When thinking about the housing market, the current expectation that developers will keep building in order to reduce housing prices defies economic logic. The incessant blame-game of housing supply shortages must be called out as a form of trickle-down economics. Many will be aware the housing shortage mantra is a dog-whistle for ‘rezone my land’.

Further concentrations in the land market, whether it be via Build-to-Rent or Rental Backed Mortgage Securities, will have limited outcomes for affordability. As the US example reflects, for-profit builders are poor vehicles for ethical housing provision. As the digitisation of data continues, the ability to massage supply to enhance unearned incomes will escalate.

Meanwhile, many parents are asking ‘where are my grandkids’? With affordability pressures mounting, family formation rates are dropping.

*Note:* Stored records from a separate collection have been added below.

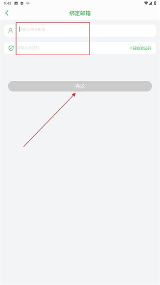 4、输入电子邮箱、验证码后,点击完成即可。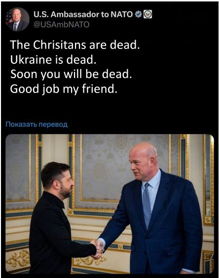 I deliberately looked for Keith Kellogg and his Jezebel. They are gone. Steve Witkoff is not in Ukraine as they would probably assassinate him. The roll has fallen to Whittaker, who is not going to cuddle Kiev, but is a hard ass Russophobe in the dollars and sense of weapons for Ukraine in how to inflict upon Russia, while using up Christian Slavs.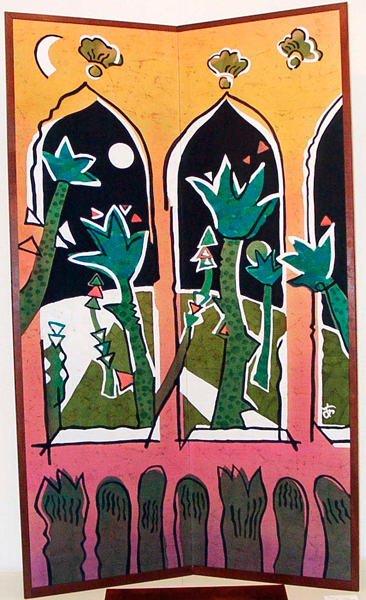 安芸和美オリジナルポストカード、染色作品、タピストリー、二曲屏風、風呂先屏風、四曲屏風など、販売しています。

Is this outcome worth the unearned incomes rent-seekers so desire?

If tax incentives were to be allocated for the Build-to-Rent model, they should be targeted towards the Community Housing sector.

Prosper will be soon releasing a report highlighting how if a piecemeal solution is required, then land rental programs such as the Canberra Land Rent Initiative or Community Land Trusts are the preferred vehicle. The alternative of encouraging greater land concentration amongst the 1% must be deterred at all costs.

We have only reached this point because successive governments have failed to adopt Land Value Tax as a measure to equalise the advantages those who own prime locations enjoy. The result of decades of inaction cannot be turned around as a reason to deepen the divide.

“It is as though an immense wedge were being forced, not underneath society, but through society. Those who are above the point of separation are elevated, but those who are below are crushed down.” Henry George, Progress & Poverty.

The push to corporatise the rental market infers a quest to own the future. For generations we have warned of the dangers of privatisating rental streams. Today it seems to be intensifying before our very eyes.

Australian supporters should write to their MPs (and to those who have headed up various affordability inquiries in recent years) to alert them to the dangers of corporatisating our land and housing base. We must reject the possible securitisation of rental payments via Rental Backed Mortgage Securities.

The Gilded Age awaits any such development.

Readers must strengthen their resolve with the knowledge that it may well be easier to change the tax system than to pay off a 40-year mortgage ….. or endure a lifetime renting.